The Goat Spot.... is made of very caring and special people.... it is so unreal.....it is so amazing to me.... :grouphug: I can't get over either ....just how many people here... are so generous and giving..... We are blessed to have all of you here and in this world .....With "All" of you... life is so much better ..... In fact... I see you all as family....... And family helps each other .... :grouphug: :thumb: 

Merry Christmas to all..... :snowbounce: :snow:


----------



## Burns Branch Boers (Apr 11, 2011)

Thank you everyone! I LOVE my TGS Christmas cards! It has been fun going to my mailbox everyday. My kids are enjoying it as well! We have a big archway between the kitchen and our den--I hang all the Christmas cards up there every year. I am floored at how many I have gotten from TGS everyone is so kind and sweet..even to a newbie like me :greengrin: 

Thank you everyone the cards are very appreciated and always bring me and my family a smile :grouphug:


----------



## HoosierShadow (Apr 20, 2010)

Thank You so very much! The cards are wonderful! I have them all on my computer desk and running out of room! My youngest daughter is always looking at them asking who they are from 

I am getting my cards out today! I apologize for getting them out late again this year!

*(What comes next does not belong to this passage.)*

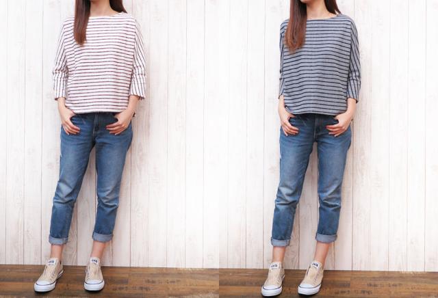 【スウェット】■Allumer ドルマンスリーブ ボーダー カットソー トップス 8155903

I am heading to the post office in about a half hour, so hopefully they get to you all before Christmas


----------



## Mini Goat Lover (May 4, 2011)

Thank you to everyone who has sent me cards  They really brighten my day  Merry Christmas!


----------



## SandStoneStable Farm (Dec 8, 2010)

This has actually been my favorite thing this season thus far!!
I love going out to get the mail  I throw the unopened bills to the side and tear open my cards!!!

Thank you everyone for such a simple little thought that makes people so happy


----------



## TinyHoovesRanch (Jan 16, 2010)

THANKS SOOOO MUCH GUYS!!!


----------



## sweetgoats (Oct 18, 2007)

I too want to thank everyone.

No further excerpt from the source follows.